Commissioner for Cultural Affairs
- In office 1 April 1985 – 1 September 1986
- Preceded by: Isao Suzuki
- Succeeded by: Hitoshi Ōsaki

Personal details
- Born: 12 January 1926 Tokyo City, Tokyo Prefecture, Empire of Japan
- Died: 3 February 2017 (aged 91) Tokyo, Japan
- Spouse: Ayako Sono ​(m. 1953⁠–⁠2017)​
- Alma mater: University of Tokyo

= Shumon Miura =

Japanese novelist (1926–2017)

Shumon Miura (三浦 朱門, Miura Shumon) was a Japanese novelist.

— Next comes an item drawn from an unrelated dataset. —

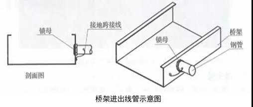 3、橋架進出線管:根據(jù)出線口位置,在橋架側面開孔,一管一孔。管端套5~6扣絲,與橋架連接內(nèi)外側采用鎖母固定,管口伸入橋架內(nèi)不大于5mm,導管與橋架采用不小于4mm²的軟銅線接地跨接。

He attended the University of Tokyo, and upon graduation joined the staff of the literary magazine Shin-Shicho (新思潮: "New Thought") in 1950. The next year, Miura published his first book. He then married fellow Third Generation writer Ayako Sono in 1953, with whom he wrote many books about Catholicism and religion. Miura began teaching at Nihon University in 1967, the same year he was awarded the Shinchosha Prize. From 1985 to 1986, he was commissioner of the Cultural Affairs Agency. In 1999, the Japanese government designated Miura a Person of Cultural Merit. In 2004, Miura was appointed to lead the Japan Art Academy. He stepped down in 2014, and died at a hospital in Tokyo due to pneumonia on 3 February 2017, aged 91.